Archives du Théâtre 140


Pantomime et théâtre en noir. 'Kefka et le cadeau' par la Compagnie Milan Sladek au Théâtre 140



La Cité

2-2-1975

Pantomime et théâtre en noir

« Kefka et le cadeau »

par la Compagnie Milan Sladek

au Théâtre 140

Kefka reçoit en cadeau un oeuf gigantesque. Il le couve. Il en sort un oiseau monstrueux et glapissant. Kefka le nourrit, le caresse, l'éduque. L'animal grandit encore, deux grandes ailes multicolores lui poussent. Il devient d'autant plus dangereux qu'il est boulimique. Une jambe de Kefka passe dans son bec, on bras la suit, ce sera finalement la tête et le corps en entier. Kefka est avalé, mais régurgité par l'oiseau qui meurt.

Ce n'était qu'un cauchemar à l'accent d'ailleurs plus ionescien que kafkaïen. L'oiseau est ici un archétype qui plonge ses racines dans le subconscient de l'homme.

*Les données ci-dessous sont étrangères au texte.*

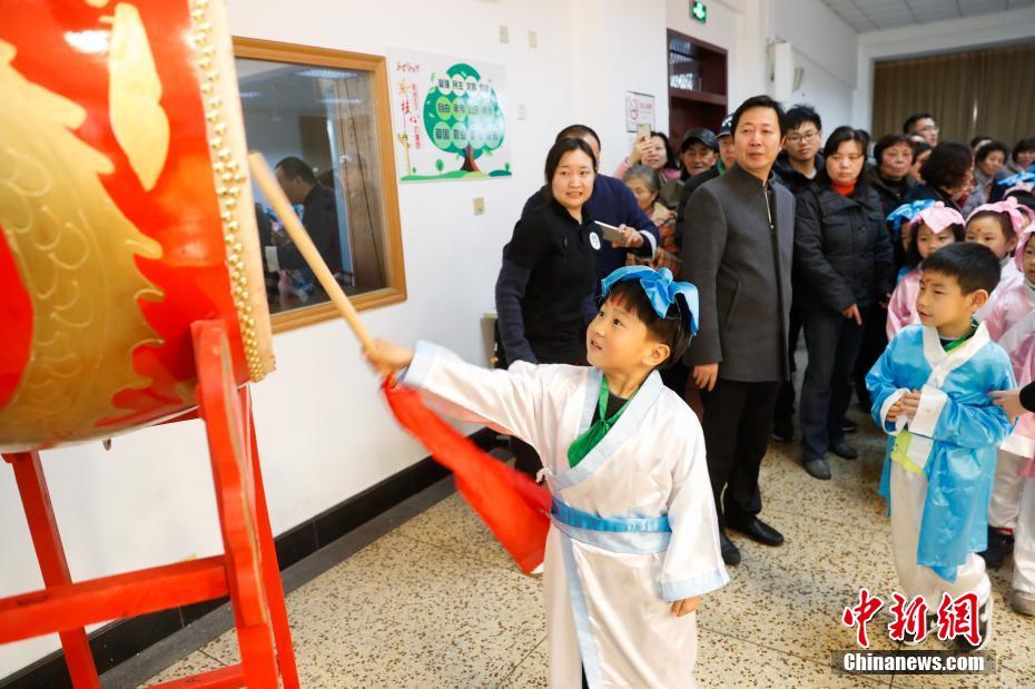 随着“唐宋诗词热”、“国学热”等现象的出现,优秀传统文化与当代教育再次“融”为一体。2月26日,上海市天山第二小学为在校的一年级学童举行“开笔礼”,为儿童启蒙教育“破蒙”。

« Kefka et le Cadeau » est un admirable exemple de ce que peut être la coordination entre le travail du mime et la célèbre technique tchèque du théâtre en noir. L'utilisation de cette technique est peut-être le seul domaine où le théâtre puisse rivaliser avec le cinéma en ce qui concerne les « effets spéciaux ». Mais la virtuosité — qui est réelle — s'efface ici devant le naturel et la simplicité d'un cauchemar pourtant chargé d'ambiguïté puisqu'il fait appel à la fois aux pulsions de l'amour, du sexe et de la peur ancestrale. Surtout la composition, les trouvailles, la gestuelle renvoient à une inspiration poétique dont la première partie du spectacle que, pour ma part je préfère encore — mais c'est là affaire de goût personnel — avait donné un autre brillant exemple. On y voit Milan Sladek faire des « gammes » à l'occasion de scénettes intitulées « Econduit », « Salome », « Le petit Soldat », « Kefka et le Tournesol », « La Marionnette », « Soirée mondaine ». Là se révèle dans sa plénitude l'art de Milan Sladek, la perfection et la rigueur de son style autant que la qualité poétique et la tendresse de son écriture mimique. Dans « La Marionnette » en particulier, Sladek parvient à créer une ambiguïté étonnante entre l'objet et l'humain. Et « Le petit Soldat » est un chef-d'oeuvre de simplicité, de minutie, d'économie.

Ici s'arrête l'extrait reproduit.